Thought ya'll might like seeing this old building I made for my other track. Talk about being rough!!! Not sure they had plastic back then, but it did have lights... RM


----------



## slotcarman12078 (Oct 3, 2008)

The old Hilltop Motors shop, before the boys really started making the magic happen??? Love it!!! Wouldn't change a thing either! :thumbsup::thumbsup:


----------



## Super Coupe (Feb 16, 2010)

Amazing how mud and straw could look so good. lol I like it. :thumbsup:
>Tom<


----------



## alpink (Aug 22, 2010)

rustic! well done for plywood. the sides do look similar to rough stucco. the advertisements inside and out really sell it. for certain, low budget creation, but well thought out and executed.


----------



## Black Oxxpurple (Jul 3, 2011)

Bet there is going to be a fight..... The Boy's are not going to like this shop as well as the big shop.... Hmmm

Rob


----------



## Hilltop Raceway (Feb 12, 2006)

Meant to show the street lights I made also... Took some plastic tubing, done a little bending, then glued the small end shades in place.

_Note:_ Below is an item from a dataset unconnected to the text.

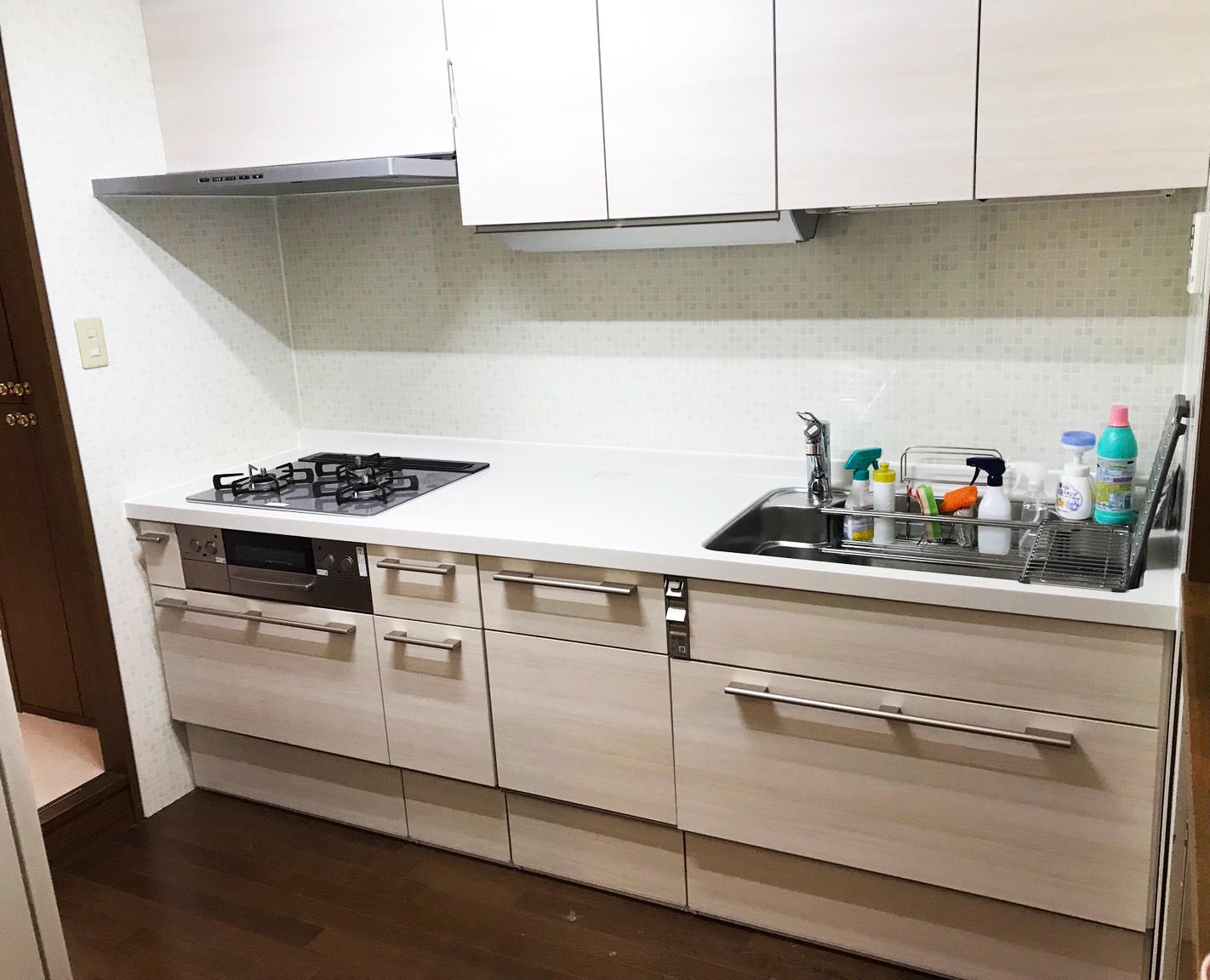 奥様が気に入られての選択となりました。 使い勝手の良さと、デザイン性が目に留まったようです。 同じ証明でもこんなに明るさに差が出ます。 食洗器も付き、快適にご利用いただけます。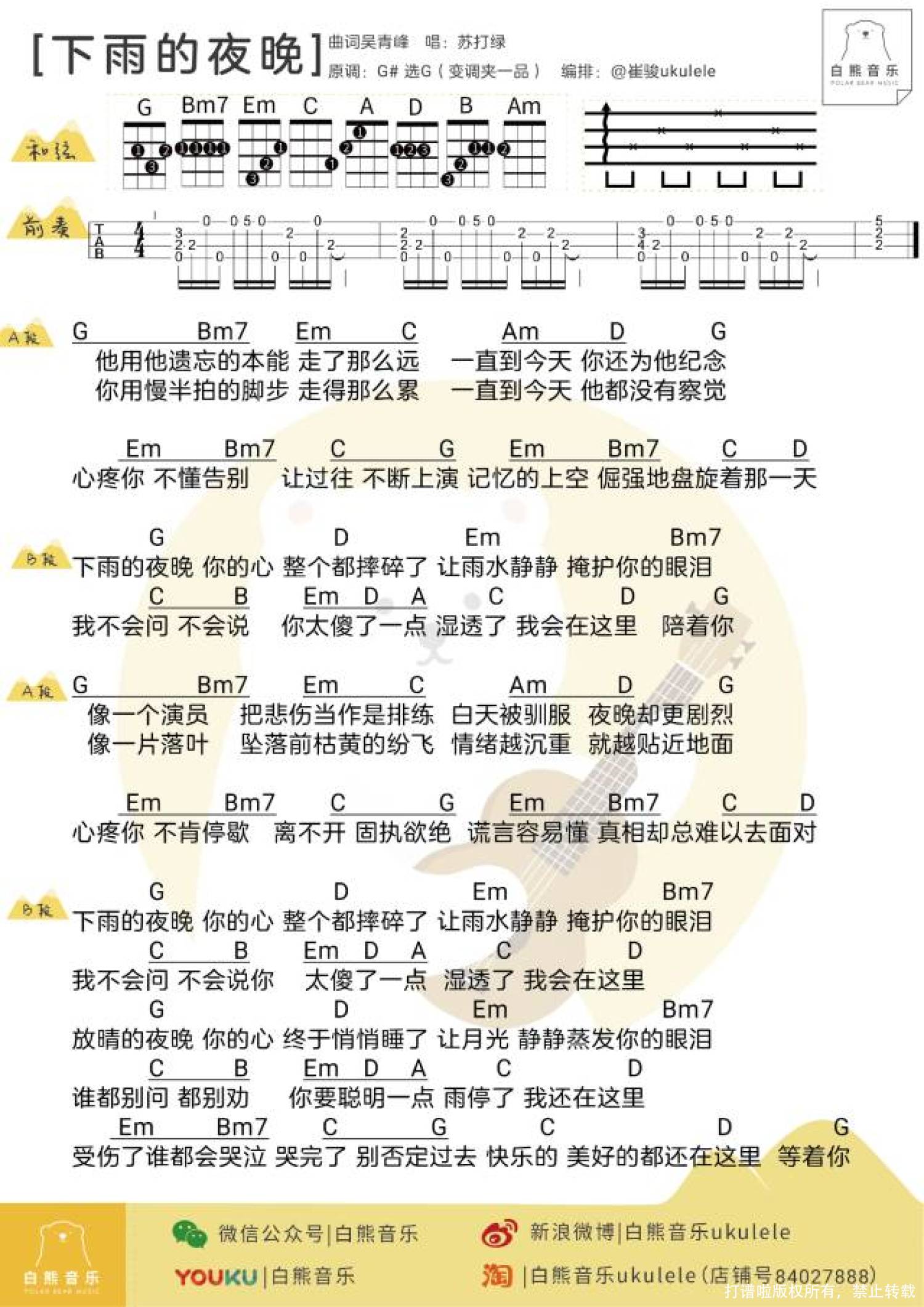 当前位置:琴谱网>尤克里里>下雨的夜晚

The bulb covers were some cosmetic end caps I found. Just drilled a wire hole, glued in placed, spray painted, then run my wire. Ink pen barrels would work, just cut off the ends...RM


----------



## NTxSlotCars (May 27, 2008)

That looked really good Randy! 
I would have never thought of painting graham crackers.
Turned out great! Is this an open thread?


----------



## Boosted-Z71 (Nov 26, 2007)

Are you serious, you mean I can race and have a snack, this is America.

Great looking buildings

Boosted


----------



## rodstrguy (Feb 14, 2002)

Not bad, nice square door openings, I don't see any roof leaks. My only question is who drove in the two railroad spikes holding the walls together?


----------



## Hilltop Raceway (Feb 12, 2006)

rodstrguy said:


> Not bad, nice square door openings, I don't see any roof leaks. My only question is who drove in the two railroad spikes holding the walls together?


Railroad spikes??? ... Those are security sensors... RM


----------



## XracerHO (Feb 6, 2008)

Like the rustic garage with great posters & interior lighting! :thumbsup: ..RL


----------



## win43 (Aug 28, 2006)

Randy,
That's one cool garage. :thumbsup::thumbsup:


----------



## win43 (Aug 28, 2006)

........and the light is cool too. :thumbsup:


----------